• _TASK PROMPT_: What should be copied is the stretch of entries below from the line with "作品介绍:新中国,新江苏,新" up to and including the line with "1961 Topps #471", exactly and without images.
======
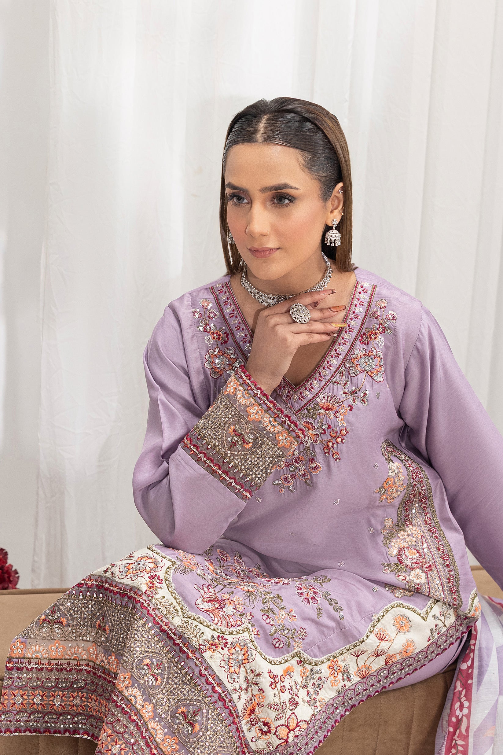 This shirt is crafted from premium viscose fabric with a soft, breathable feel. It features full sequin embroidery on the arms, sleeves, and daman, giving it a rich and elegant look.
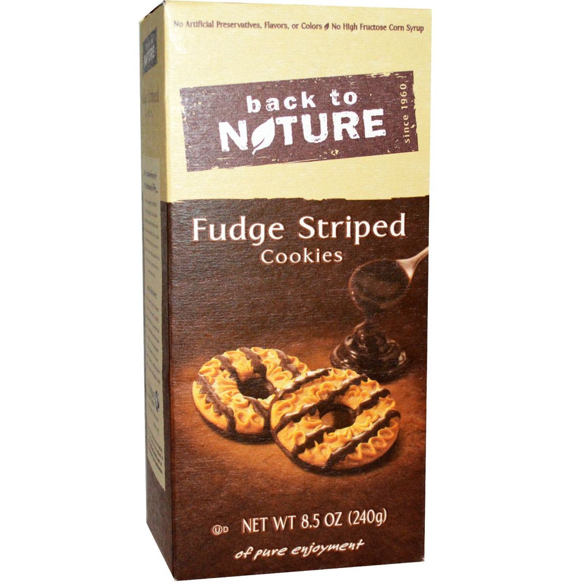 No Artificial Preservatives, Flavors, or Colors No High Fructose Corn Syrup Since 1960 8.5 oz of Pure Enjoyment Simple Ingredients. Simply Delicious. Simply Good. For over 50 years, Back to Nature has passionately created foods with wholesome grains, real nutrition, and the delicious flavors of nature free from artificial ingredients. We give people truly flavorful, wholesome foods made with simple ingredients. Here's the Great Stuff about Fudge Striped Cookies The finest vanilla beans are cultivated in the rich, fertile soil on the island of Madagascar. This aromatic spice has found its way into each of our cookies and provides a sweet, delicate flavor.
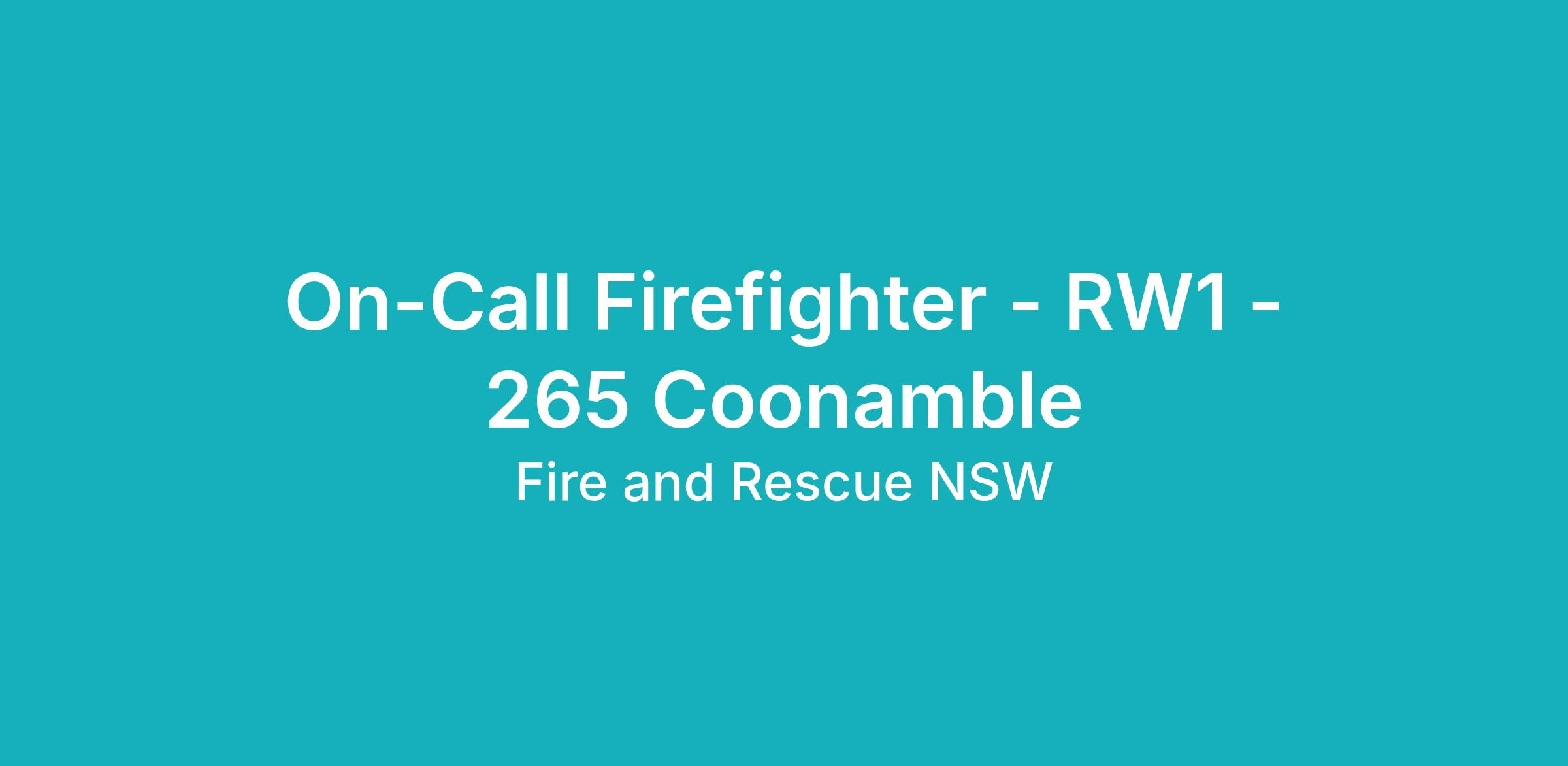 On-Call Firefighter - RW1 - 265 Coonamble
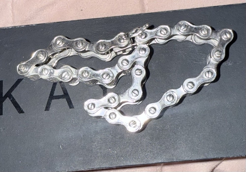Why We Love It A unique choice, this bicycle chain bracelet is sure to grab attention in the best way. Sterling silver Swivel links are adorned in round-cut diamonds Total diamond weight is 1 carat 8.5 inches with box clasp Details Item #: 112078100 Stone(s) icon Stone(s) Stone(s) Specs Total Weight (CT. T.W.):1 Color:I Clarity:I3 Lifetime Diamond Commitment:Yes Stone Type:Diamond Stone Color:White Stone Shape:Round Stone Carat Range:1 Ctw - Under 3 Ctw Stone Class:Natural Stone Setting:Prong Metal(s) icon Metal(s) Metal(s) Specs Metal Type:Sterling Silver Metal Color:White Bracelet Design icon Bracelet Design Bracelet Design Specs Bracelet Style:Fashion Bracelet Length:8.5 Bracelet Clasp Type:Box Product Details icon Product Details Product Details Specs Length:8.5 in Clasp Type:Box
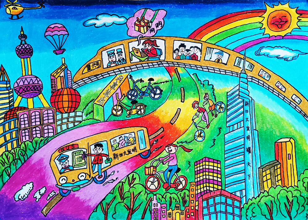 作品介绍:新中国,新江苏,新四大发明耀天下。高铁贯穿南北东西,共享单车绿色环保,网购、网络支付方便快捷。我的祖国更强大,我的家乡更美好!
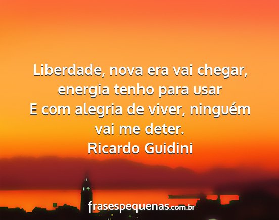 E com alegria de viver, ninguém vai me deter.Ricardo Guidini
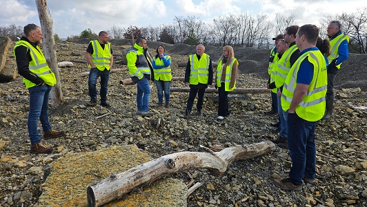 - Landrat Thomas Bold (5. von links) und Nadine Hochrein, Geschäftsführerin der Schotterwerke Hochrein GmbH (rechts daneben), mit Vertretern des Landesbunds für Vogel- und Naturschutz sowie der Höheren und Unteren Naturschutzbehörde auf dem Areal des Steinbruchs. Hier finden seltene Tierarten einen Lebensraum.
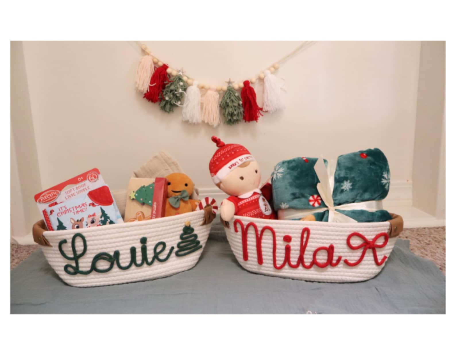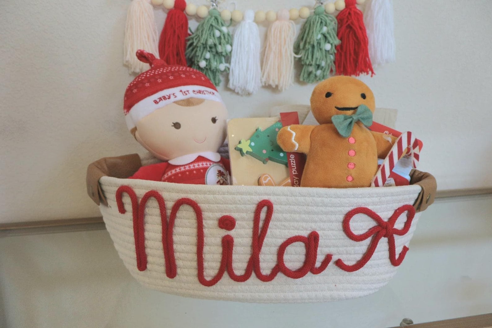 Custom Name Christmas Gift Basket for Kids Personalized Holiday Present
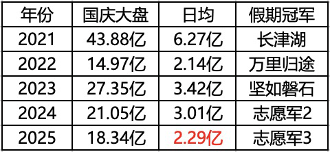 其实今年国庆档的表现令人震惊的地方不在于低迷,因为低迷是预期之内的,而是下滑,尤其是系列电影的下滑。不论是《志愿军3》还是《刺杀小说家2》,都是有着明确对比的。拿《志愿军3》来说,该电影可是三年连上三部,有着稳定的受众,内容品质也保持稳定,但依然较前作下跌了一半,这才是最可怕的。
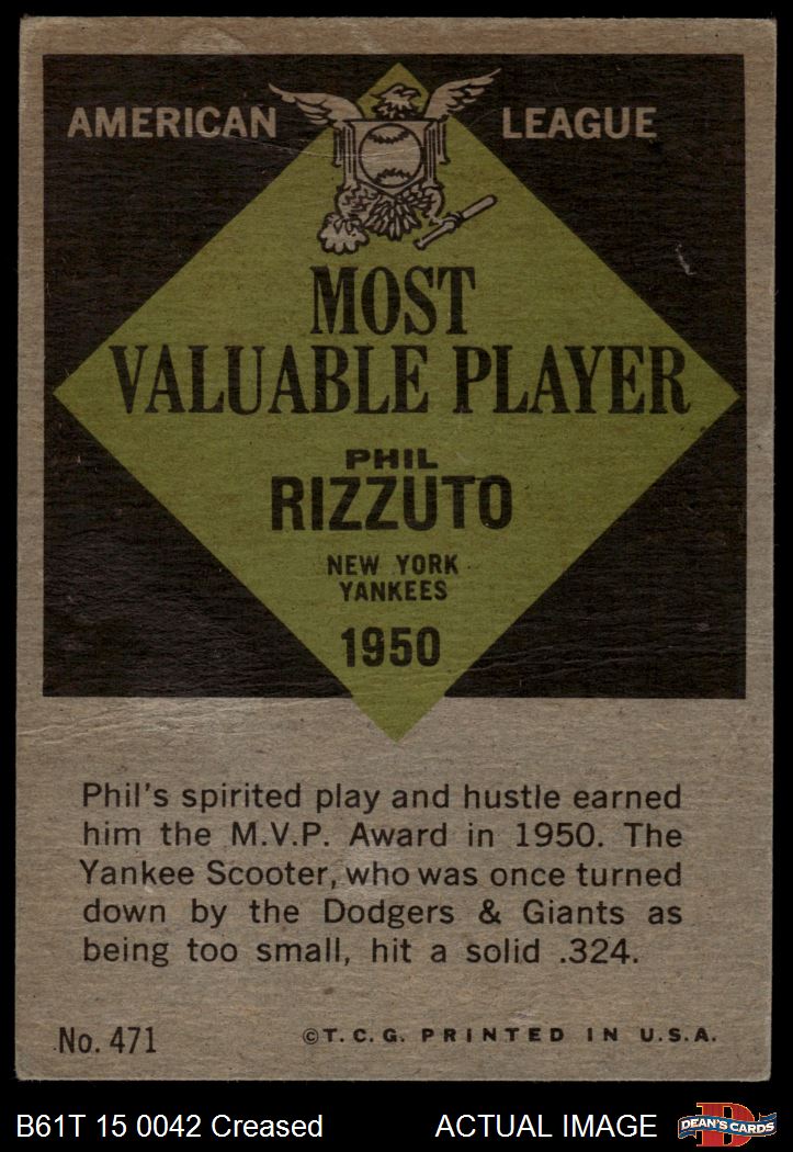 1961 Topps #471 - Phil Rizzuto Most Valuable Player 2 - GOOD
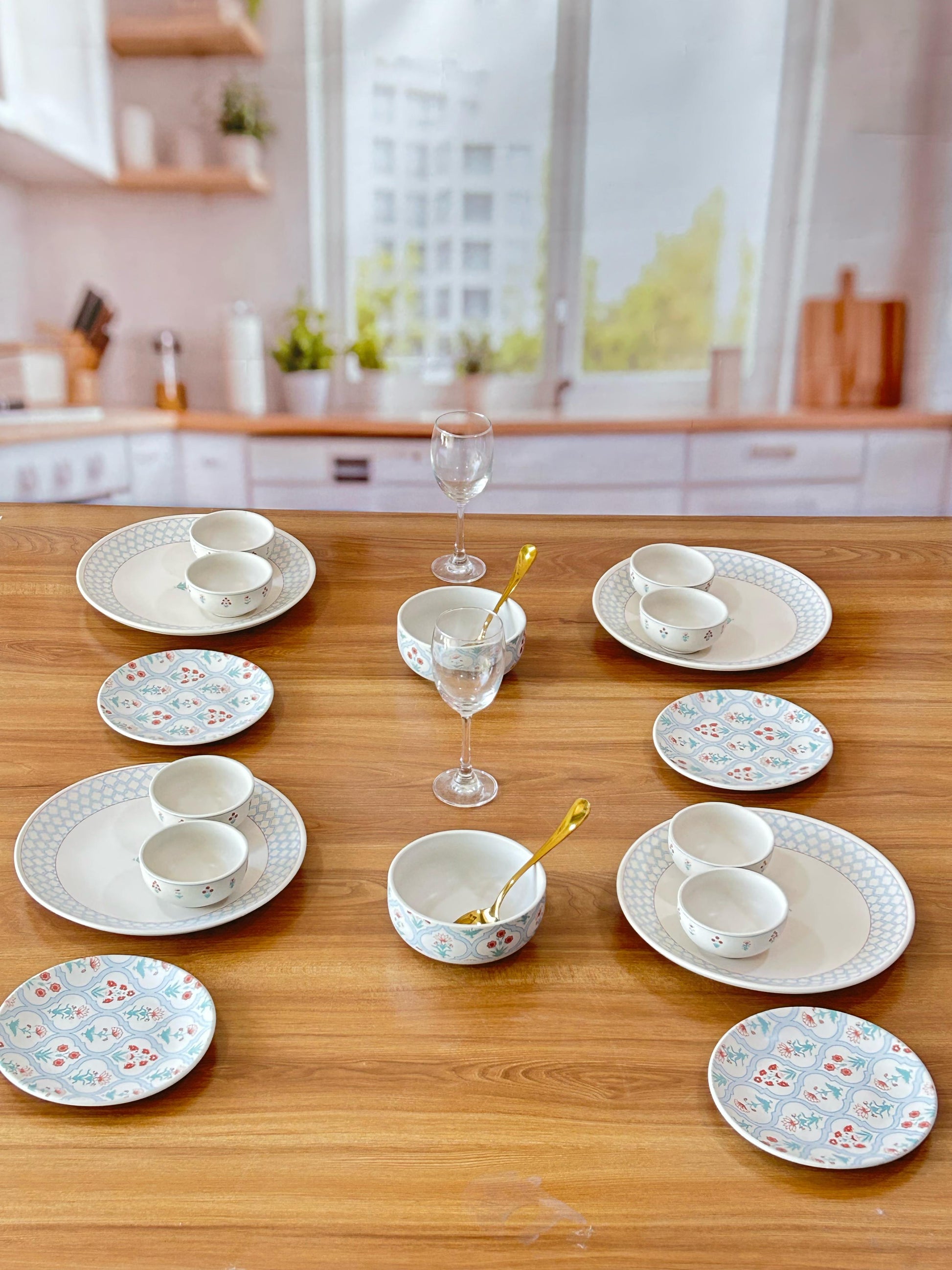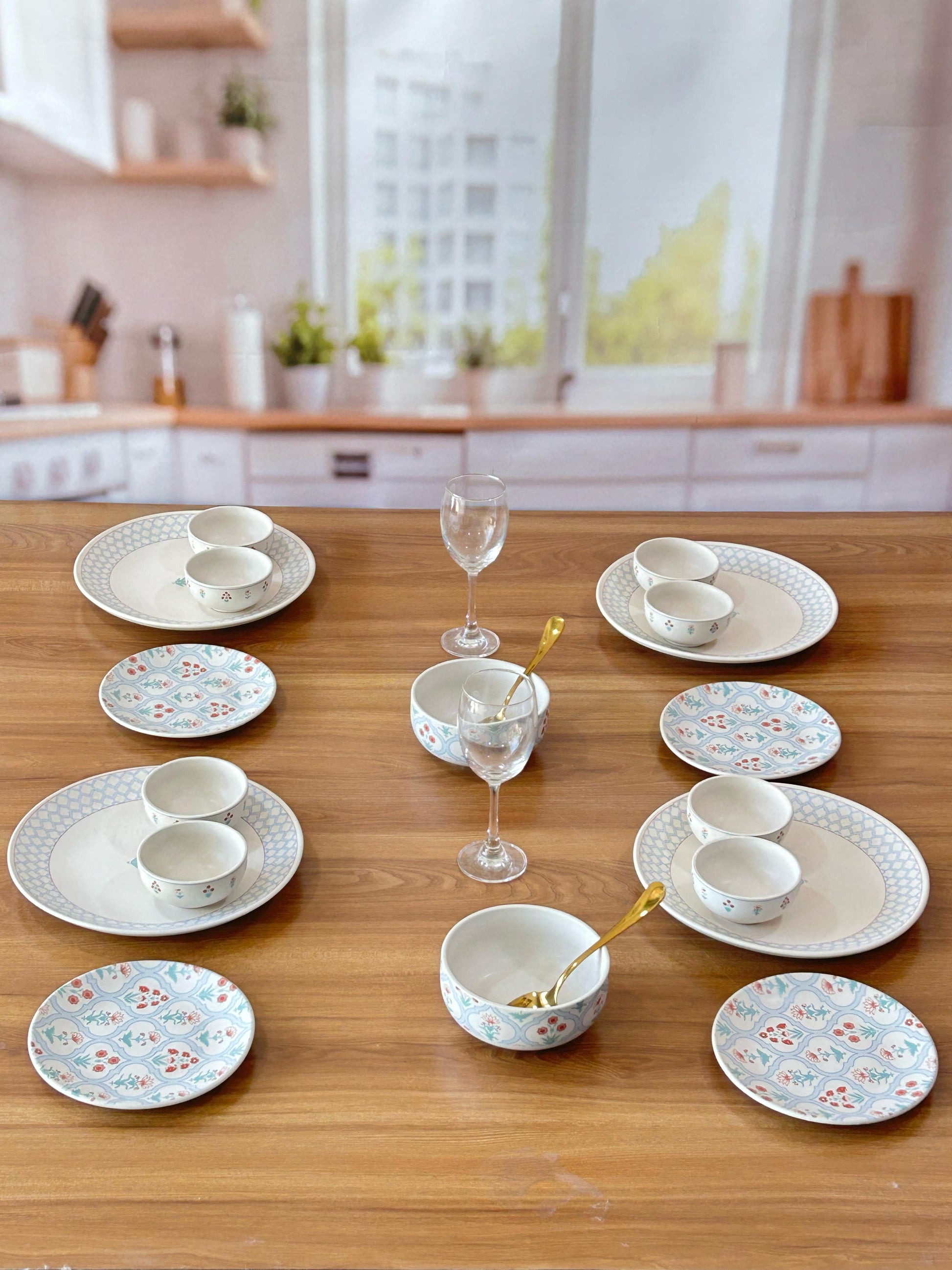 This exquisite set features two-tone ceramic bowls and plates in calming pastel hues, adding a touch of modern elegance to every meal.....
======
• _TASK SOLUTION_:
 作品介绍:新中国,新江苏,新四大发明耀天下。高铁贯穿南北东西,共享单车绿色环保,网购、网络支付方便快捷。我的祖国更强大,我的家乡更美好!
 E com alegria de viver, ninguém vai me deter.Ricardo Guidini
 - Landrat Thomas Bold (5. von links) und Nadine Hochrein, Geschäftsführerin der Schotterwerke Hochrein GmbH (rechts daneben), mit Vertretern des Landesbunds für Vogel- und Naturschutz sowie der Höheren und Unteren Naturschutzbehörde auf dem Areal des Steinbruchs. Hier finden seltene Tierarten einen Lebensraum.
 Custom Name Christmas Gift Basket for Kids Personalized Holiday Present
 其实今年国庆档的表现令人震惊的地方不在于低迷,因为低迷是预期之内的,而是下滑,尤其是系列电影的下滑。不论是《志愿军3》还是《刺杀小说家2》,都是有着明确对比的。拿《志愿军3》来说,该电影可是三年连上三部,有着稳定的受众,内容品质也保持稳定,但依然较前作下跌了一半,这才是最可怕的。
 1961 Topps #471 - Phil Rizzuto Most Valuable Player 2 - GOOD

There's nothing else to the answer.